Objectives The aim of this study was to determine the association between women’s decision-making power and utilisation of maternal healthcare services (MHS) among Bangladeshi women.
Settings This is a nationally representative survey that encompassed Dhaka, Rajshahi, Rangpur, Chittagong, Khulna, Barisal and Sylhet in Bangladesh. Sample households were selected by a two-stage stratification technique. First, 207 clusters in urban areas and 393 in rural areas were selected for 600 enumeration areas with proportional probability. In the second stage, on average 30 households were selected systematically from the enumeration areas. Finally, 17 989 households were selected for the survey of which 96% were interviewed successfully.

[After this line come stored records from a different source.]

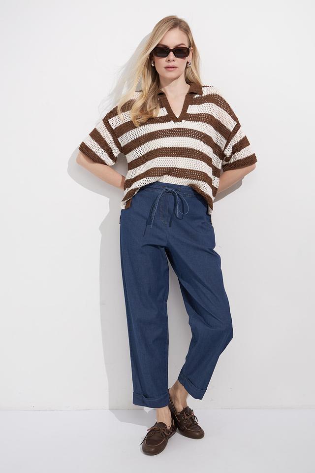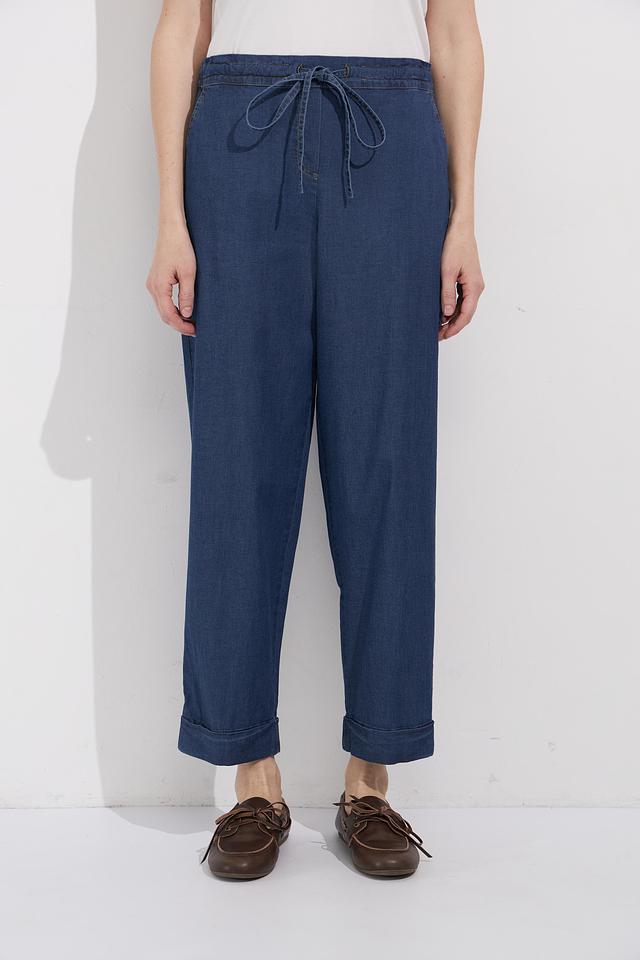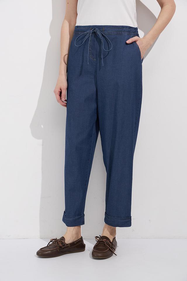 Удобный пояс на завязках позволяет регулировать посадку по фигуре. Брюки идеально подойдут для создания повседневных образов, сочетаясь с различными топами и обувью. Состав: хлопок 98%, эластан 2%.
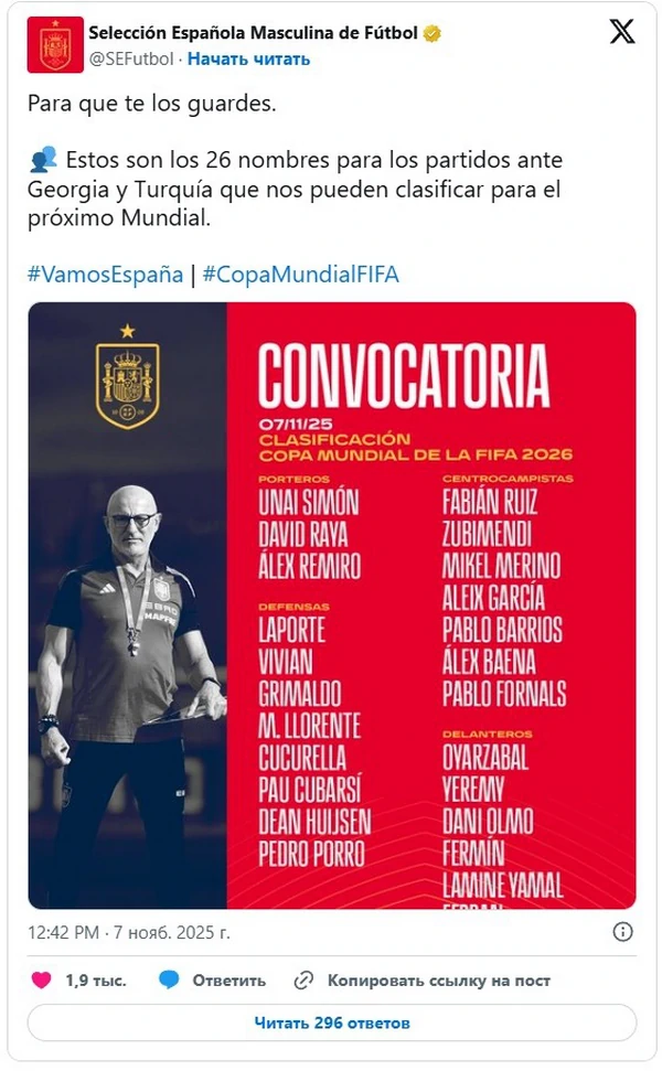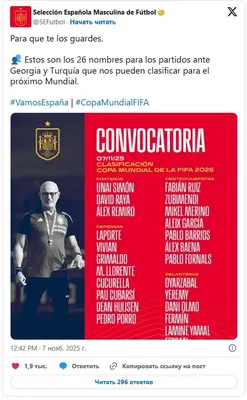 На следующей неделе стартуют матчи квалификации к Чемпионату мира. На официальной странице в социальной сети X сборная Испании опубликовала список игроков, которые будут участвовать в финальных матчах отбора к чемпионату мира.
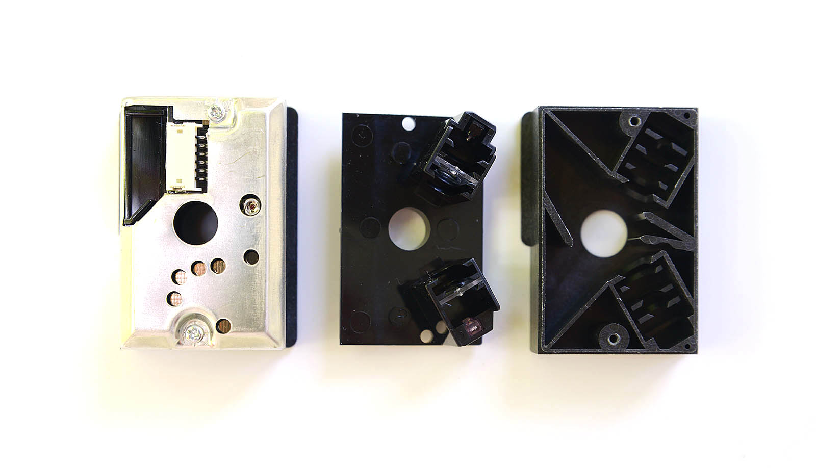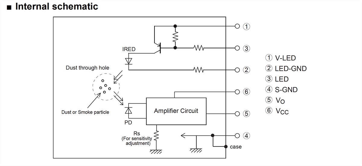 Ở đây ta thấy sẽ có 02 bộ phận dùng để truyền và nhận hồng ngoại (IR LED và Phototransistor). 02 bộ phận này được đặt chệch gốc với nhau. Khi có bụi bay vào, tia hồng ngoại từ IR LED sẽ bị dội vào Phototransistor, lúc này điện áp từ phototransistor sẽ được đưa đến mạch khuếch đại (Amplifier) và xuất ra chân Vo.
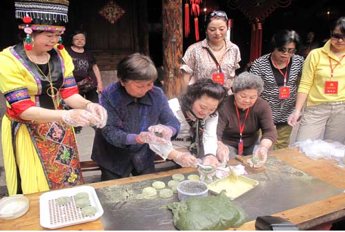 兩岸“十佳婆媳”代表在滕頭村現場制作青團。
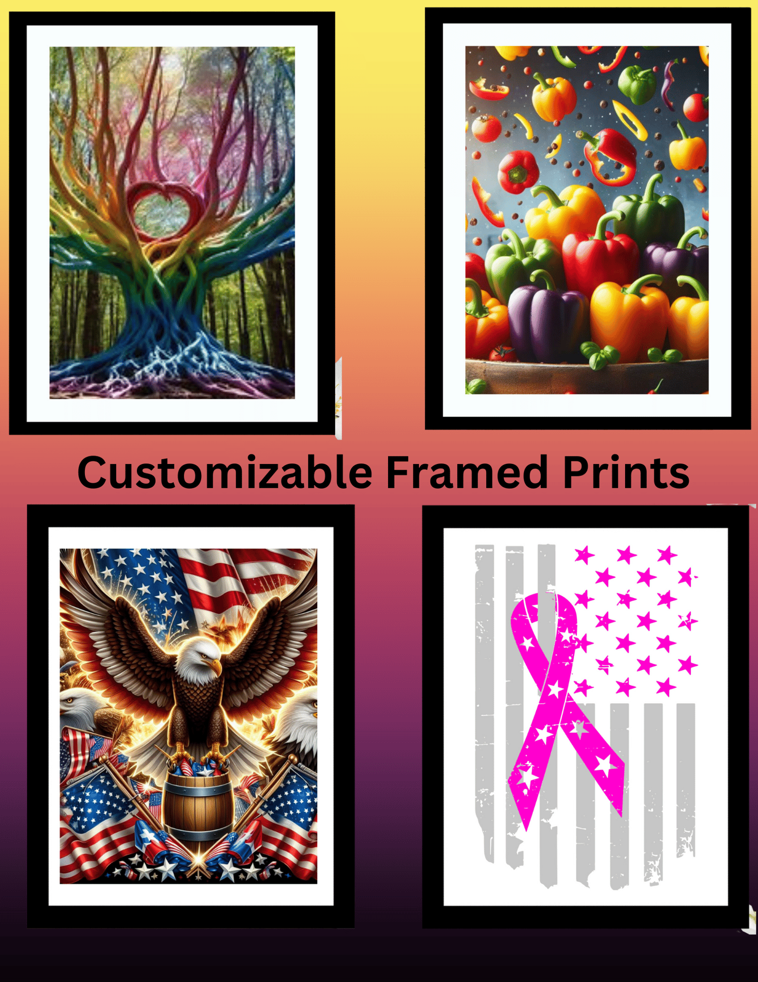Framed Pictures, we can do any theme or design. These come printed on a canvas and are frame already. Shipping included!
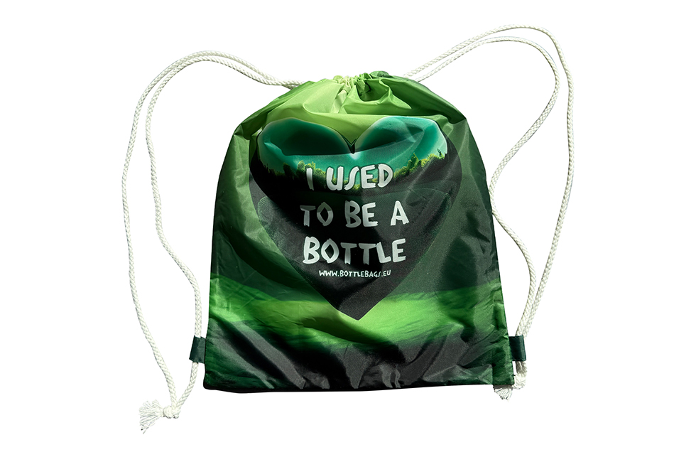 This BottleBag pack is foldable. It has drawstrings on each side, which makes it easy to carry on the back or around the shoulder. The stings are made out of cotton. The backpacks are made out of five PET bottles per bag and are easily foldable. The BottleBag Pack is made out of 190T polyester rPET. The size is 47 x 29 cm. The weight is 46 grams. The simplest option to print a BottleBag Pack is the white bag with a one colour silkprint on it. The print could be anything; from a single colour logo to our original “I used to be a bottle” design. It is also possible to print the bag in one colour, PMS, all over print or full colour sublimation.

Participants Cross-sectional data on 4309 non-pregnant women were collected from Bangladesh demographic and health survey 2014. Decision-making status on respondent's own healthcare, large household purchases, having a say on child’s healthcare and visiting to family or relatives were included in the analysis.
Results Prevalence of at least four antenatal attendance, facility delivery and postnatal check-up were respectively 32.6% (95% CI 31.2 to 34), 40.6% (95% CI 39.13 to 42.07) and 66.3% (95% CI 64.89 to 67.71). Compared with women who could make decisions alone, women in the urban areas who had to decide on their healthcare with husband/partner had 20% (95% CI 0.794 to 1.799) higher odds of attending at least four antenatal visits and those in rural areas had 35% (95% CI 0.464 to 0.897) lower odds of attending at least four antenatal visits. Women in urban and rural areas had respectively 43% (95% CI 0.941 to 2.169) and 28% (95% CI 0.928 to 1.751) higher odds of receiving postnatal check-up when their health decisions were made jointly with their husband/partner.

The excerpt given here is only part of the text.